**Dataset records:**
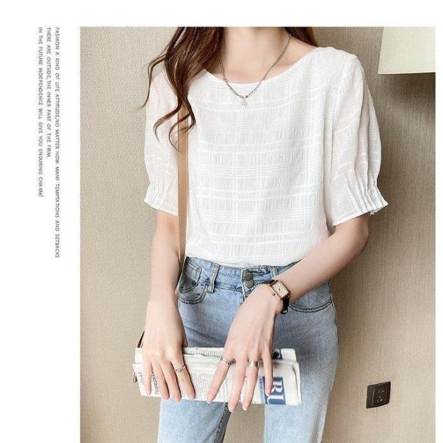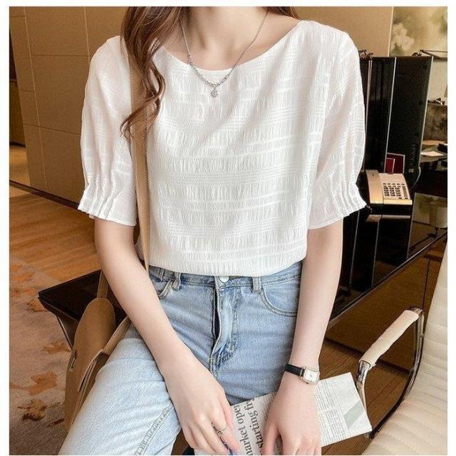 ブラウス 半袖トップス 40代 春夏 オシャレブラウス 白シフォンブラウス レディース パフスリーブブラウス おしゃれ ブラウス 通勤 OL ゆったりtシャツ
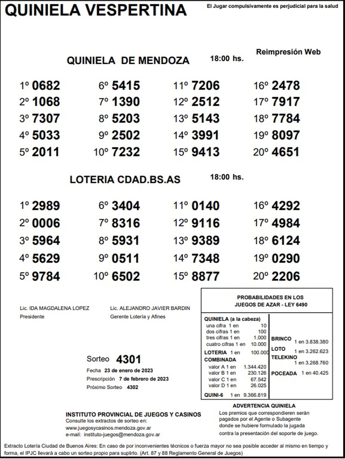 Quiniela de Mendoza: resultados de la Vespertina de hoy, 23 de enero de 2023
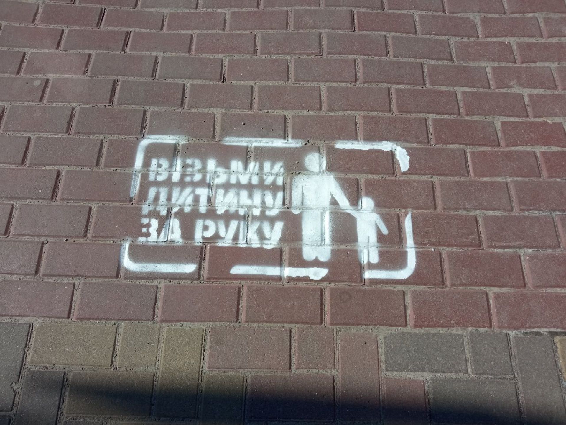 А ще на одному з переходів до новенького напису підійшов чоловік з маленькою дівчинкою. Тато став пояснювати донці, чому вона має тримати його за руку на переході — яскравий приклад того, що подібна соціальна ініціатива може бути дієвою.
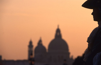 15. צללית של אציל - תחפושת של אציל על רקע שקיעה שנותנת את האור והצבעים החמים. האלמנטים החדים של הפרופיל (קצה האף והכובע) מתחברים לכיפות כנסיית Santa Maria Della Salute המחודדות
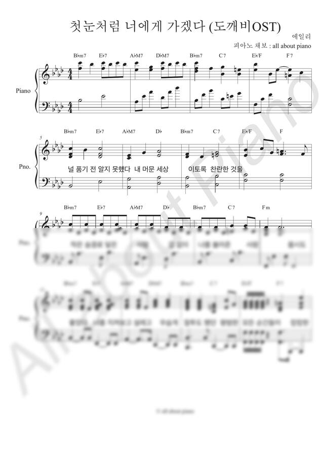 에일리 - 첫눈처럼 너에게 가겠다(도깨비OST) (피아노 반주) by all about piano
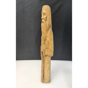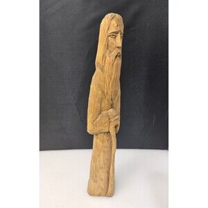 features of his face, long beard and hair, and stately, standing posture. A true piece of folk art, showcasing the skill and dedication of the carver.
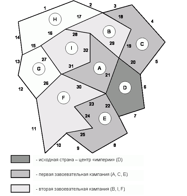 Вам приходилось строить империи? Тогда послушайте меня – опытного «императора». Строительство начинается с собственной страны – центра империи. Я готовлю мощную армию и накапливаю прочие ресурсы: оружие, горючее, продовольствие. Все это нужно для «добровольного» присоединения соседей. Затем нападаю на них и покоряю поодиночке. После такой завоевательной кампании рождается новая страна с расширенными границами и другими соседями, которые ещё не ведают о своей судьбе! Дав отдых армии, и накопив ресурсы, я предпринимаю следующую завоевательную кампанию и присоединяю соседей своих бывших соседей. Взгляните на рис. 112, – если строительство империи начать из страны D, то в ходе первой кампании будут поглощены соседи A, C и E, а в ходе второй – их соседи, – страны B, I и F.
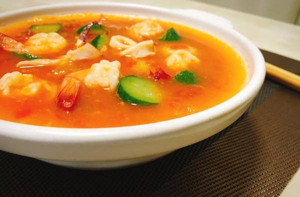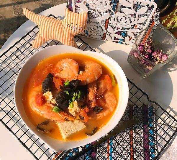 屬於湯菜,酸酸辣辣帶一點甜,天冷吃非常開胃,蝦肉很脆彈噠。。。而且熱量不高,使勁吃!!呃。。做中餐調料我都是嘗著放的,所以沒有定量。。。
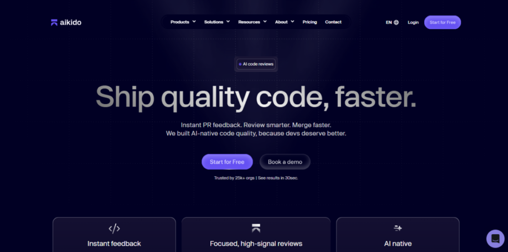 Aikido is a top AI code reviewer that focuses entirely on quality enforcement. Most developers often underestimate consistent code quality at scale, but Aikido focuses on that.

**What you need to do:** Without the pictures, return each entry exactly as given.

**Answer box:**
 ブラウス 半袖トップス 40代 春夏 オシャレブラウス 白シフォンブラウス レディース パフスリーブブラウス おしゃれ ブラウス 通勤 OL ゆったりtシャツ
 Quiniela de Mendoza: resultados de la Vespertina de hoy, 23 de enero de 2023
 А ще на одному з переходів до новенького напису підійшов чоловік з маленькою дівчинкою. Тато став пояснювати донці, чому вона має тримати його за руку на переході — яскравий приклад того, що подібна соціальна ініціатива може бути дієвою.
 15. צללית של אציל - תחפושת של אציל על רקע שקיעה שנותנת את האור והצבעים החמים. האלמנטים החדים של הפרופיל (קצה האף והכובע) מתחברים לכיפות כנסיית Santa Maria Della Salute המחודדות
 에일리 - 첫눈처럼 너에게 가겠다(도깨비OST) (피아노 반주) by all about piano
 features of his face, long beard and hair, and stately, standing posture. A true piece of folk art, showcasing the skill and dedication of the carver.
 Вам приходилось строить империи? Тогда послушайте меня – опытного «императора». Строительство начинается с собственной страны – центра империи. Я готовлю мощную армию и накапливаю прочие ресурсы: оружие, горючее, продовольствие. Все это нужно для «добровольного» присоединения соседей. Затем нападаю на них и покоряю поодиночке. После такой завоевательной кампании рождается новая страна с расширенными границами и другими соседями, которые ещё не ведают о своей судьбе! Дав отдых армии, и накопив ресурсы, я предпринимаю следующую завоевательную кампанию и присоединяю соседей своих бывших соседей. Взгляните на рис. 112, – если строительство империи начать из страны D, то в ходе первой кампании будут поглощены соседи A, C и E, а в ходе второй – их соседи, – страны B, I и F.
 屬於湯菜,酸酸辣辣帶一點甜,天冷吃非常開胃,蝦肉很脆彈噠。。。而且熱量不高,使勁吃!!呃。。做中餐調料我都是嘗著放的,所以沒有定量。。。
 Aikido is a top AI code reviewer that focuses entirely on quality enforcement. Most developers often underestimate consistent code quality at scale, but Aikido focuses on that.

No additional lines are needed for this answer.